Home > data science, modeling > Inside the Podesta Report: Civil Rights Principles of Big Data

Inside the Podesta Report: Civil Rights Principles of Big Data

I finished reading Podesta’s Big Data Report to Obama yesterday, and I have to say I was pretty impressed. I credit some special people that got involved with the research of the report like Danah Boyd, Kate Crawford, and Frank Pasquale for supplying thoughtful examples and research that the authors were unable to ignore. I also want to thank whoever got the authors together with the civil rights groups that created the Civil Rights Principles for the Era of Big Data:

  1. Stop High-Tech Profiling. New surveillance tools and data gathering techniques that can assemble detailed information about any person or group create a heightened risk of profiling and discrimination. Clear limitations and robust audit mechanisms are necessary to make sure that if these tools are used it is in a responsible and equitable way.
  2. Ensure Fairness in Automated Decisions. Computerized decisionmaking in areas such as employment, health, education, and lending must be judged by its impact on real people, must operate fairly for all communities, and in particular must protect the interests of those that are disadvantaged or that have historically been the subject of discrimination. Systems that are blind to the preexisting disparities faced by such communities can easily reach decisions that reinforce existing inequities.
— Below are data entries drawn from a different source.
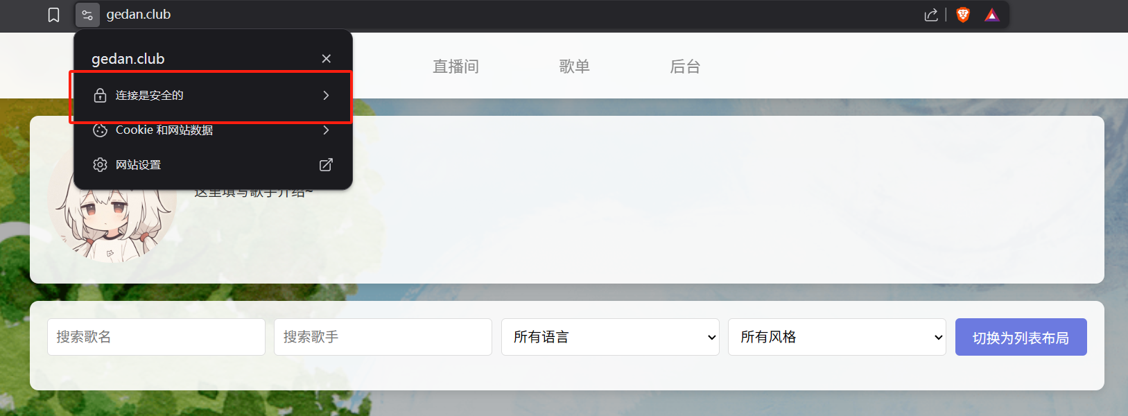 这是很久以前帮mer做的一个主播歌单,但是一直没有想过把它推广出去,昨天晚上refactor了一下,打算稍微推广一下。但是也就是refactor了,所以整个过程的假设很简单,唯一困难的估计就是HTTPS的过程了。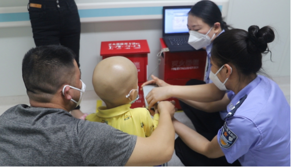 “警察叔叔来给你拍照了嘞,儿子,我们拍张帅帅的照片。”5月7日,桃江县人口与出入境管理大队3名民警驱车从桃江前往长沙,往返200公里,快速地为一名患有白血病、行动不便的4岁小男孩,完成身份证信息的采录。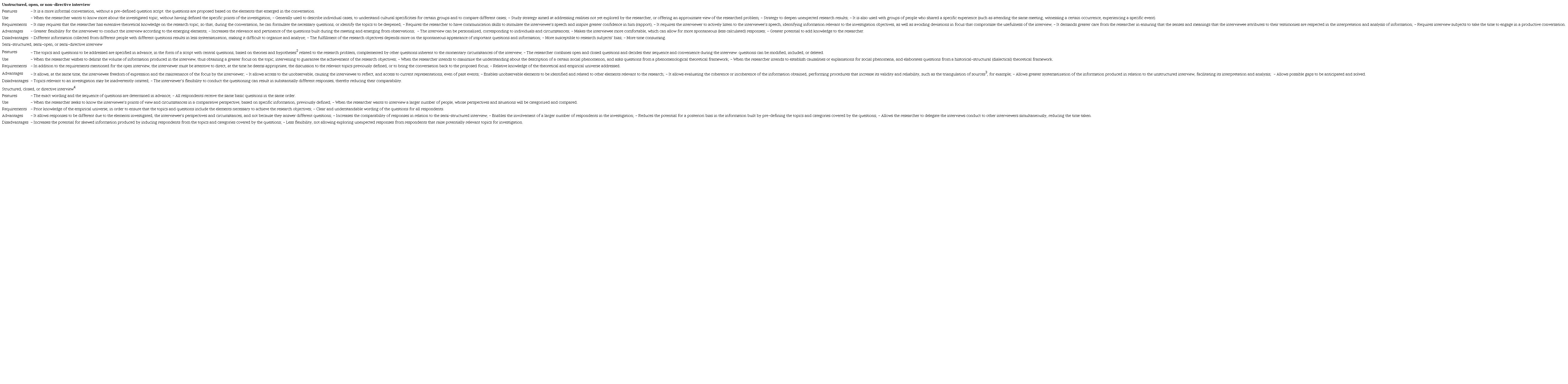 The differentiation between the types of interviews, in practice, lies in the greater or lesser degree of structuring of the questions, which reflects the purposes for which it is intended and, therefore, the research objectives. It is important to note that less structuring does not mean less planning of the interview: all types require researcher preparation, organization, and programming. The choice for one or another type of interview will necessarily be based on the adoption of a consistent theoretical framework that supports the construction of the problem and the research objectives, from which the subjects involved are defined, which, in turn, requires some knowledge of the empirical universe.
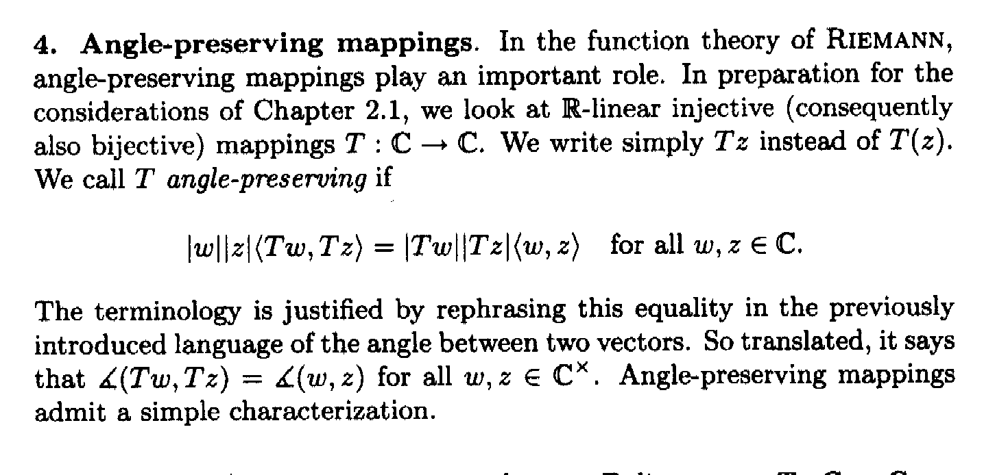 I am focused on Chapter 0: Complex Numbers and Continuous Functions ... and in particular on Section 1.4: Angle-Preserving Mappings ... ...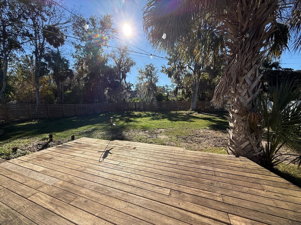 Welcome to this charming 3-bedroom, 2-bathroom home located in the vibrant Daytona Beach, FL. This property boasts a 1-car attached garage, providing ample storage and convenience. Step inside to find a modern, updated kitchen, equipped with all the essentials for your culinary adventures. The home also features two beautifully updated bathrooms, adding a touch of elegance and comfort. The washer and dryer on-site ensure your laundry days are hassle-free. Enjoy the Florida sunshine in your own fenced backyard, offering a private space for outdoor activities. This home combines modern living with a prime location, making it a perfect choice for those seeking a blend of comfort and convenience. Lawn & utilities are tenant's responsibility. No smoking/Small pet may be considered with owner approval and additional fees required. 1 months rent & security deposit equal to 1 months rent required to move in. Background & credit check required. All Blue Palm Property Management residents are enrolled in the Resident Benefits Package (RBP) for $50.00/month which includes liability insurance, credit building to help boost the resident’s credit score with timely rent payments, up to $1M Identity Theft Protection, HVAC air filter delivery (for applicable properties), move-in concierge service making utility connection and home service setup a breeze during your move-in, our best-in-class resident rewards program, on-demand pest control, and much more! More details upon application. Palm Terrace Elementary School Grades: PK-5Distance: 2.1 mi Campbell Middle School Grades: 6-8Distance: 0.6 mi Mainland High School Grades: 9-12Distance: 0.7 mi

Independent review and other remedies may be necessary to assure that a system works fairly.
  3. Preserve Constitutional Principles. Search warrants and other independent oversight of law enforcement are particularly important for communities of color and for religious and ethnic minorities, who often face disproportionate scrutiny. Government databases must not be allowed to undermine core legal protections, including those of privacy and freedom of association.
  4. Enhance Individual Control of Personal Information. Personal information that is known to a corporation — such as the moment-to-moment record of a person’s movements or communications — can easily be used by companies and the government against vulnerable populations, including women, the formerly incarcerated, immigrants, religious minorities, the LGBT community, and young people. Individuals should have meaningful, flexible control over how a corporation gathers data from them, and how it uses and shares that data. Non-public information should not be disclosed to the government without judicial process.
  5. Protect People from Inaccurate Data. Government and corporate databases must allow everyone — including the urban and rural poor, people with disabilities, seniors, and people who lack access to the Internet — to appropriately ensure the accuracy of personal information that is used to make important decisions about them. This requires disclosure of the underlying data, and the right to correct it when inaccurate.

This was signed off on by multiple civil rights groups listed here, and it’s a great start.

One thing I was not impressed by: the only time the report mentioned finance was to say that, in finance, they are using big data to combat fraud. In other words, finance was kind of seen as an industry standing apart from big data, and using big data frugally. This is not my interpretation.

In fact, I see finance as having given birth to big data. Many of the mistakes we are making as modelers in the big data era, which require the Civil Rights Principles as above, were made first in finance. Those modeling errors – and when not errors, politically intentional odious models – were created first in finance, and were a huge reason we first had the mortgage-backed-securities rated with AAA ratings and then the ensuing financial crisis.

In fact finance should have been in the report standing as a worst case scenario.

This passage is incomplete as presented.